After fitting the model, you will probably want to obtain predicted survival probabilities for each individual at several time points. This can be done through the function survpred_prclmm
, which takes as inputs the outputs of step 2 and step 3, alongside with the time points at which to compute the survival probabilities:
## id S(1) S(2) S(3)
## 1 1 0.4685893 0.1666528 0.08151238
## 2 2 0.7506514 0.5076432 0.38729468
## 3 3 0.7088022 0.4432699 0.32036642
## 4 4 0.5153831 0.2087025 0.11167056
## 5 5 0.6207733 0.3239896 0.20662124
## 6 6 0.5630938 0.2572870 0.14965965
To accurately quantify the predicted performance of the fitted PRC-LMM, we need to recur to some form of internal validation strategy (e.g., bootstrap, cross-validation, etc…).
In pencal
the internal validation is performed through a Cluster Bootstrap Optimism Correction Procedure (CBOCP) that allows to compute optimism-corrected estimates of the concordance (C) index and of the time-dependent AUC.

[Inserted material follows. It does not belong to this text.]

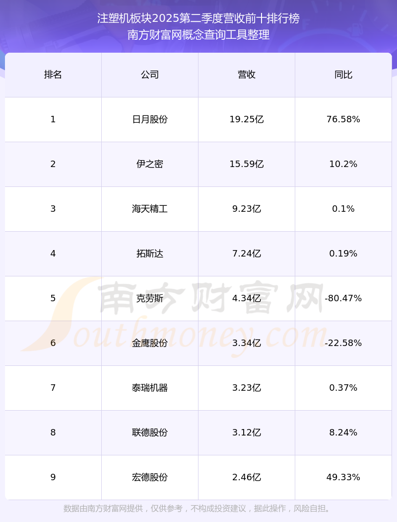按照南方財富網概念查詢工具統(tǒng)計,該股所屬板塊為注塑機板塊,該板塊共有9只股票,泰瑞機器2025第二季度營收在該板塊中排名為第7名,該板塊2025第二季度營收排名前十的股票如下表:

Most of the steps that the CBOCP requires are directly computed by the functions fit_lmms
, summarize_lmms
and fit_prclmm
whenever the argument n.boots
of fit_lmms
is set equal to an integer > 0 (in other words: most of the computations needed for the CBOCP have already been performed in the code chunks executed above, so we are almost done!).
To gather the results of the CBOCP we can use the function performance_prclmm
:
## Computation of optimism correction started
## This computation will be run in parallel, using 2 cores
## Computation of the optimism correction: finished :)
## n.boots C.naive cb.opt.corr C.adjusted
## 1 10 0.7855 -0.0397 0.7458
## pred.time tdAUC.naive cb.opt.corr tdAUC.adjusted
## 1 1 0.8874 -0.0386 0.8488
## 2 2 0.8337 -0.0442 0.7895
## 3 3 0.8303 -0.0674 0.7629
From the results above we can see that:
The aim of this vignette is to provide a quick-start introduction to the R
package pencal
. Here I have focused my attention on the fundamental aspects that one needs to use the package.
Further details, functions and examples can be found in the manual of the package.